(Supplied material)
■ ■ ■ ■
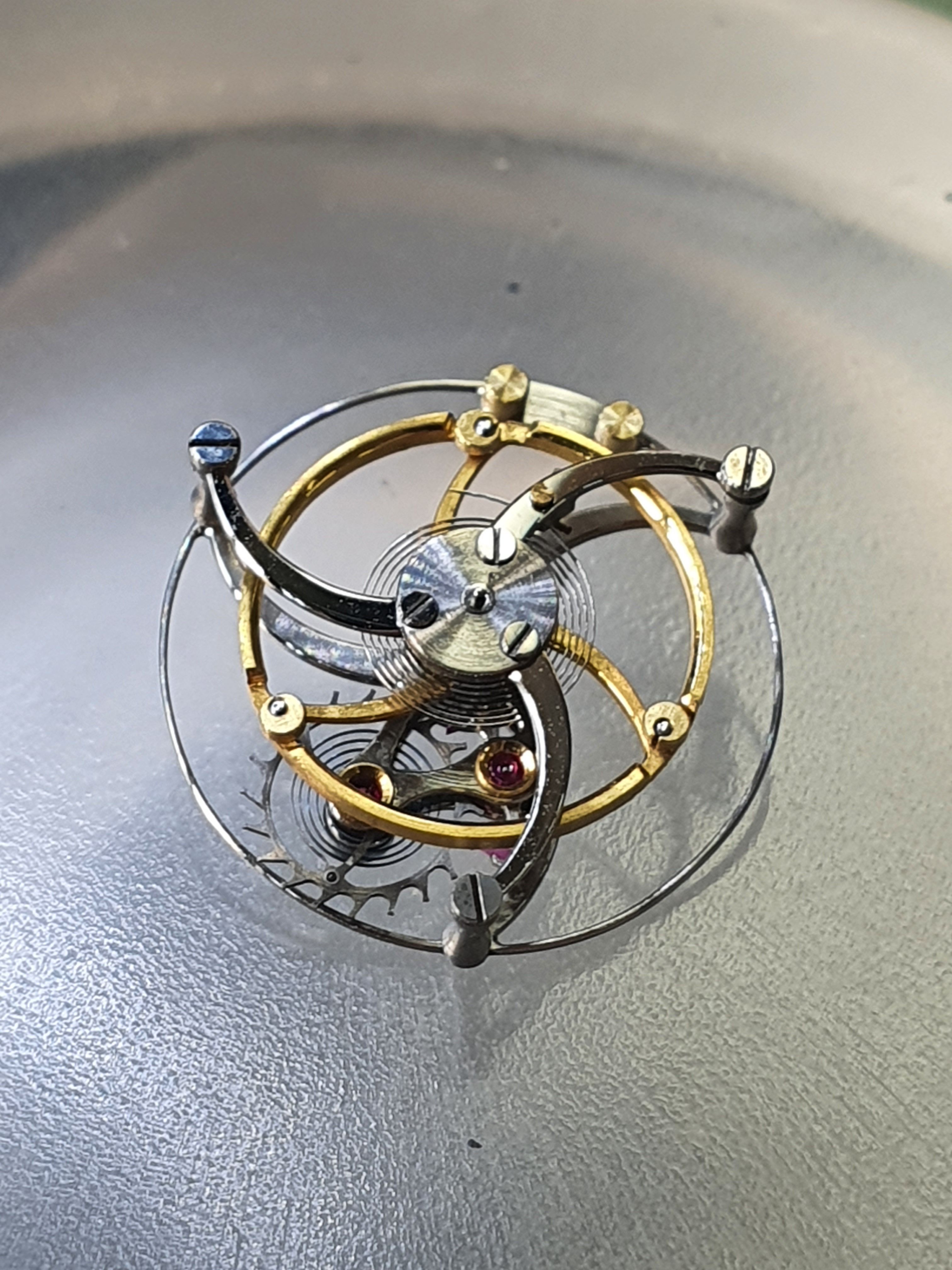 The timepiece features a spring driven escape wheel (for direct impulse to pallets and shock absorbance of the big tourbillon cage), my own invention.
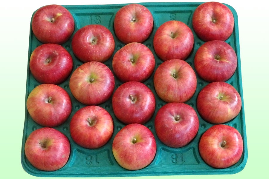 スマートフレッシュ技術は、りんごの新しい鮮度保持技術です。りんごが老化するときに発生するエチレンガスを抑制しています。スマートフレッシュは環境にやさしく果実の表面や内部に残りません。
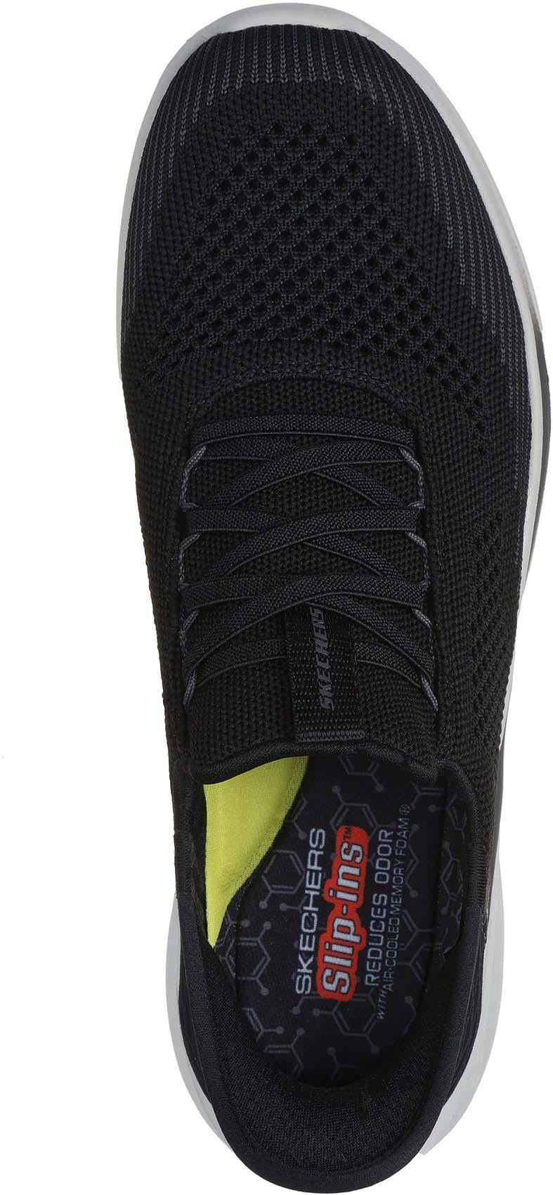 De Skechers Slip-ins® Relaxed Fit®: Slade - Quinto is de perfecte wandelschoen voor moeiteloos comfort en gemak. Dankzij de elastische veters en exclusieve Heel Pillow™ stap je eenvoudig in, zonder gedoe. Het ademende bovenwerk van technisch gebreid materiaal zorgt voor een flexibele en luchtige pasvorm, terwijl de Skechers Air-Cooled Memory Foam®-binnenzool met houtskool helpt om nare geurtjes te verminderen. Voor extra ondersteuning is de schoen uitgerust met de Skechers Goga Mat Arch™, waardoor je voeten de hele dag optimaal worden ondersteund.
■ ■ ■ ■
(Assignment) Starting with the first line of the data above and ending with the line containing "スマートフレッシュ技術は、り", please restate every line exactly, leaving images out.

(Answer for this exercise)
 The timepiece features a spring driven escape wheel (for direct impulse to pallets and shock absorbance of the big tourbillon cage), my own invention.
 スマートフレッシュ技術は、りんごの新しい鮮度保持技術です。りんごが老化するときに発生するエチレンガスを抑制しています。スマートフレッシュは環境にやさしく果実の表面や内部に残りません。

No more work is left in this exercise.